Maritim Indonesia – PT Pelabuhan Tanjung Priok (PTP Nonpetikemas) mendukung rangkaian Peringatan Bulan Keselamatan dan Kesehatan Kerja (K3) Nasional Tahun 2026 di area Cabang Pelabuhan Tanjung Priok melalui implementasi program Tanggung Jawab Sosial dan Lingkungan (TJSL). Kegiatan ini merupakan bentuk komitmen perusahaan dalam memperkuat budaya K3 sekaligus memastikan kesehatan para pemangku kepentingan yang beraktivitas di lingkungan pelabuhan.
Salah satu kegiatan yang dilaksanakan adalah pemeriksaan kesehatan bagi 100 peserta yang terdiri dari Tenaga Kerja Bongkar Muat (TKBM), sopir truk, petugas kebersihan, dan petugas keamanan (12/2). Pemeriksaan ini bertujuan menjaga kondisi kesehatan pekerja pendukung operasional serta meminimalkan risiko kerja di area pelabuhan.

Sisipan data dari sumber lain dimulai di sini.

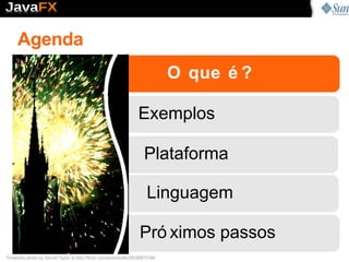 Este documento apresenta uma introdução ao JavaFX, descrevendo o que é JavaFX, seus principais componentes como a linguagem JavaFX Script, a plataforma multiplataforma e exemplos de aplicações. O documento também fornece próximos passos para desenvolvedores começarem a usar JavaFX, baixando as ferramentas e exemplos e participando de fóruns e tutoriais.
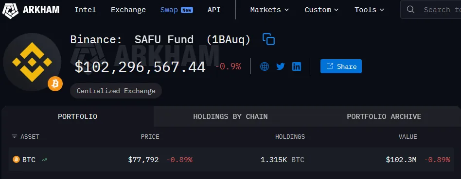 НовиниBinance SAFU фонд купив 1 315 BTC ($100 млн)Binance SAFU фонд купив 1 315 BTC ($100 млн)02 Feb, 2026відDropsCapitalПриєднуйтесь до наших соцмережПоділитися Продовжити читання цієї статті в джерелі: intel.arkm.com
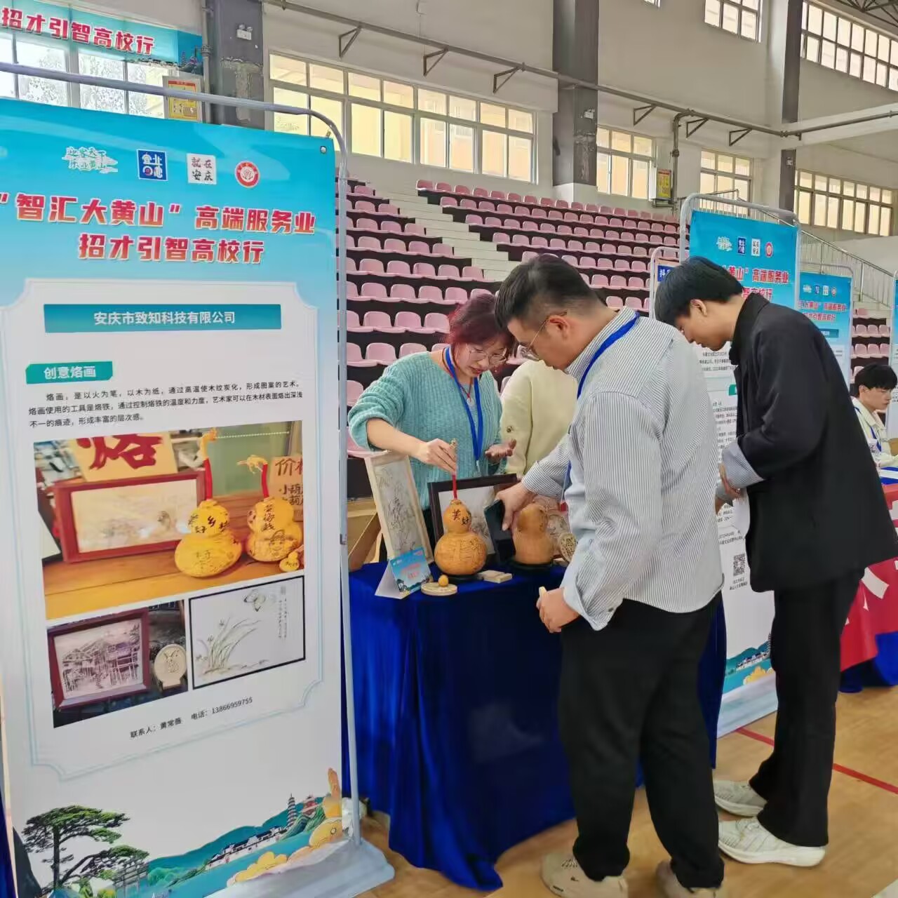 10月16日,黄瓜视频 应邀参加由黄山市人力资源和社会保障局主办的“智汇大黄山”高端服务业招才引智系列活动。该院数名学生走进安徽外国语学院进行非遗烙画的科普宣传活动。他们将所学付诸实践,进行非遗烙画的科普宣传活动。
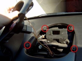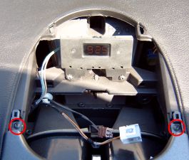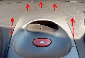 Am besten setzt man die Hand in der Vertiefung für die Uhr/den Bordcomputer an, um die Verkleidung abzuziehen. Wie man auf der Abbildung sehen kann ist die obere Verkleidung lediglich geklammert und gesteckt (siehe rote Markierungen).
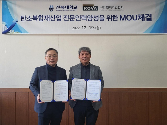 | 전북대학교(총장 김동원)는 (사)벤처기업협회 전북협회와 탄소복합재 분야 산학협력과 전문인력 양성을 위한 업무협약을 체결했다고 19일 밝혔다.
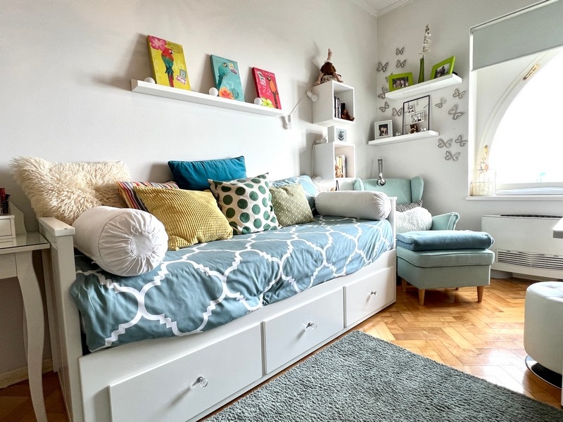 Die Wohnung ist nach Süden ausgerichtet. Im Außenbereich gehört ein privater Parkplatz zur Wohnung. Die Möblierung ist nicht im Kaufpreis inbegriffen.
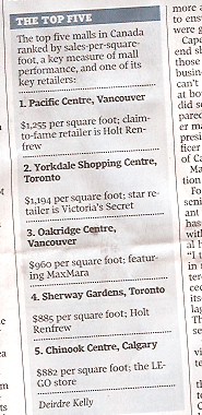 in Victoria; Pacific Centre in Vancouver; Polo Park in Winnipeg; and Rideau
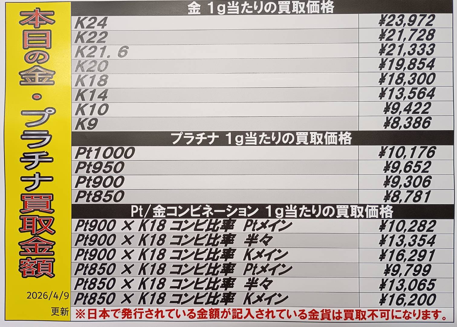 【鹿児島店】換金 買取情報 《金・プラチナ》 買取・入荷情報 新着情報 鹿児島店 貴金属/換金 2026年4月9日 【鹿児島店 換金 買取情報】 金・プラチナ買取価格です。 相場状況により変動しますのでご了承ください。 ※2026/4/9現在の価格となります。 在庫状況・状態によってお値段が変動いたします。予めご了承ください。 ******************** ★〖換金〗買取・入荷記事はこちら★
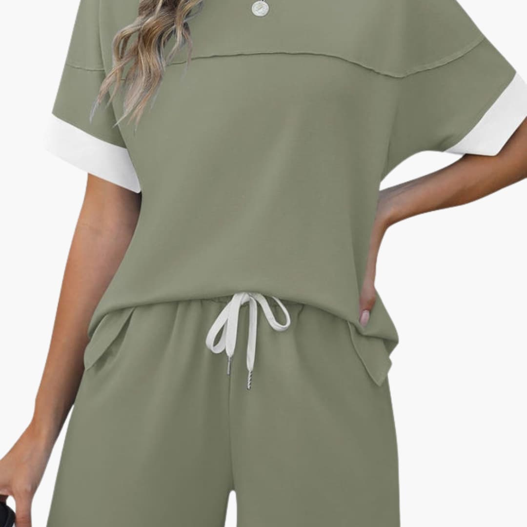 Σετ γυναικείων αθλητικών ρούχων με λεπτομέρειες κουμπιών και άνετη εφαρμογή
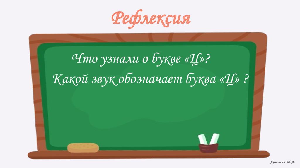 Рефлексия Что узнали о букве «Ц» ? Какой звук обозначает буква «Ц» ? Ярыгина Т.А.

Kegiatan tersebut turut dihadiri Perwakilan HSSE Regional Head II Frida Ervina, ASM Komunikasi Perusahaan & CSR PTP Nonpetikemas Liestya Ary Anggraini, serta ASM HSSE PTP Nonpetikemas M. Paksi.
ADVERTISEMENT
SCROLL TO RESUME CONTENT
ASM Komunikasi Perusahaan & CSR PTP Nonpetikemas, Liestya Ary Anggraini, menyampaikan bahwa kegiatan ini merupakan wujud komitmen perusahaan dalam memastikan aspek keselamatan dan kesehatan kerja berjalan seiring dengan aktivitas operasional pelabuhan.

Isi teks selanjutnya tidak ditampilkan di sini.